5. I am only concerned with the observation made by the learned Judges of the Oudh Chief Court on which reliance has been placed by the learned Sessions Judge. With great respect, I am unable to hold that it cannot be laid down as a general rule of law that where there is special law making a particular act an offence and providing penalties for such an offence, the general law must be held to be inapplicable. It is possible that the same act may be an offence under two different Acts and both may be applicable simultaneously, and the offender may be prosecuted and convicted under either Act. It may however be conceded that where the offence falls strictly within the provisions of a section of a special Act and does not go beyond it it would be more appropriate to prosecute the offender and convict him under that special Act, rather than fall back upon a more general law which prescribes a heavier penalty. In such a case it may be assumed that the legislature in prescribing the smaller penalty has considered recourse to the special law as the proper course.
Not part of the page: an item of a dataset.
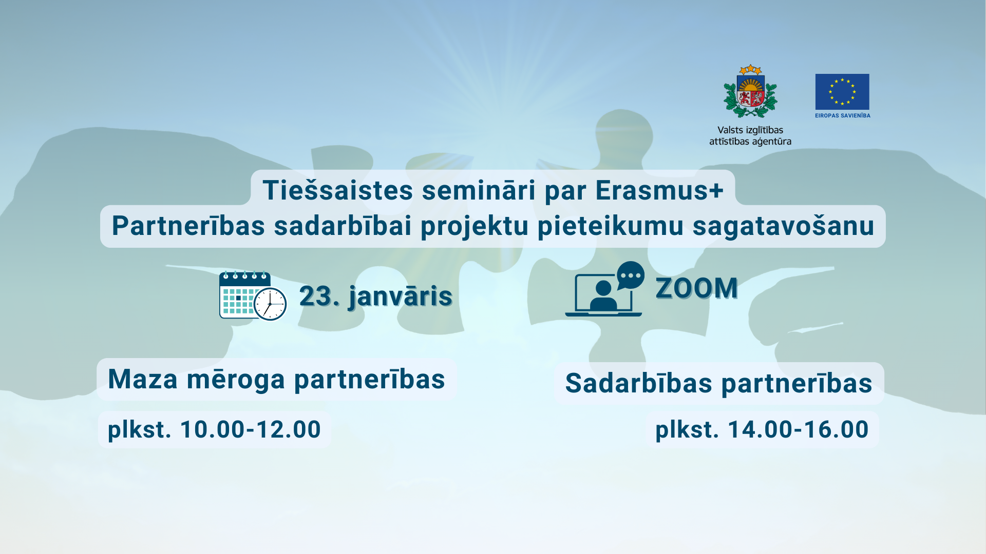 Valsts izglītības attīstības aģentūra (VIAA) 2026. gada 23. janvārī organizē tiešsaistes seminārus par Maza mēroga partnerību un Sadarbības partnerību projektu pieteikumu sagatavošanu un iesniegšanu Eiropas Savienības Erasmus+ programmas 2026. gada konkursā.

6. The fault of the accused in the present case did not lie merely in not observing the rule of the road by driving the lorry on the right side of it. If he had done nothing worse than that, I would have felt inclined to alter his conviction as recommended by the Sessions Judge. But on the finding of the Magistrate he was negligent in continuing to drive on the wrong side of the road in spite of due warning and in going fast. The case undoubtedly fell within the scope of Section 279, I.P.C.
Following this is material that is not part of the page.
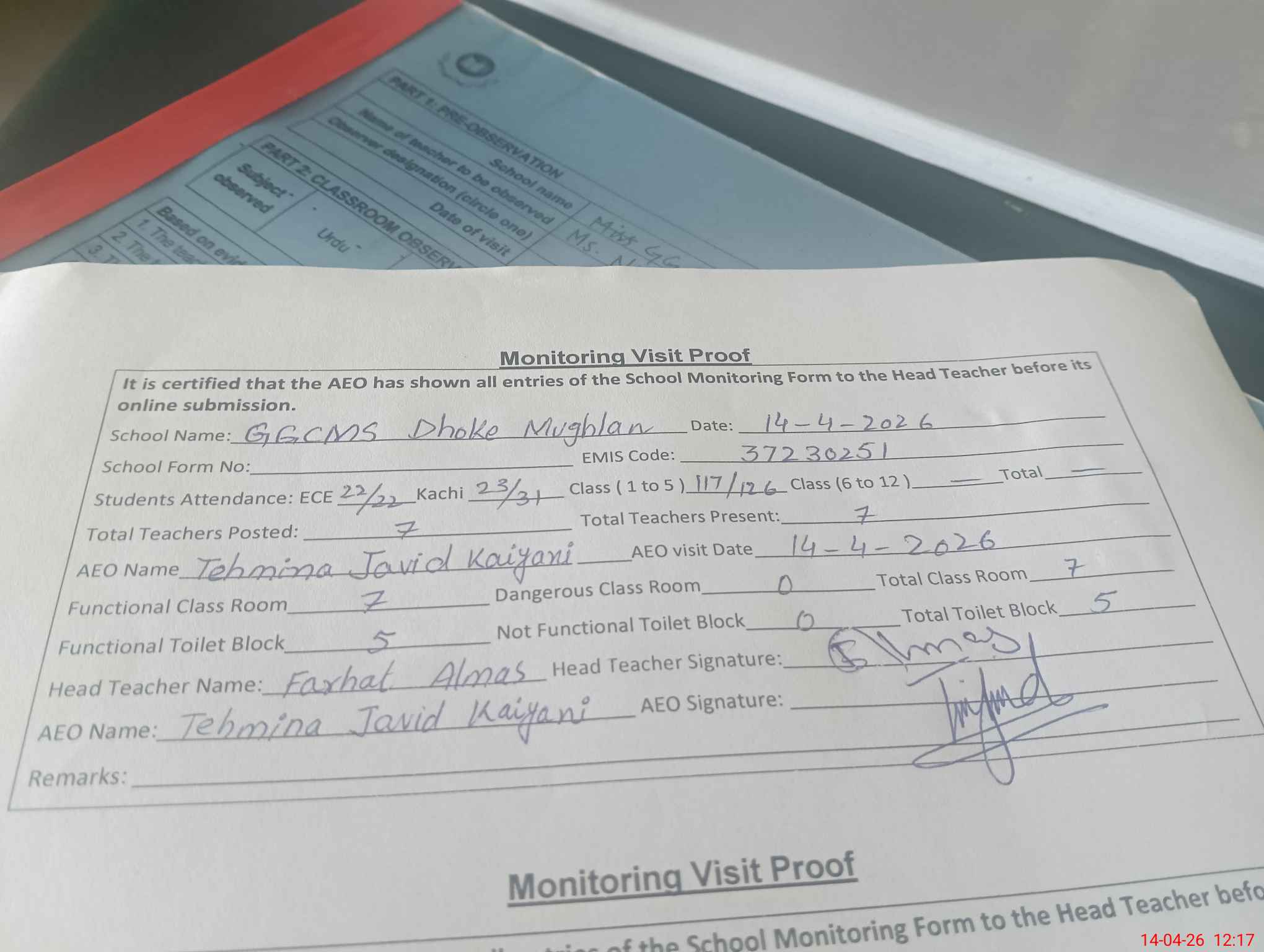 | Attendance Register | Head Teacher | MEA with School | Visit Proof |

7. Section 16, Motor Vehicles Act, has not any necessary ingredient of rashness for negligence in it Rule 27, Motor Act rules, merely lays down the rule of the road, and a breach of it need not necessarily involve rashness or negligence. When the ingredient of negligence entered into the offense, the conviction under Section 279, I.P.C., was not only proper but more appropriate.

8. I accordingly decline to interfere. Let the papers be returned.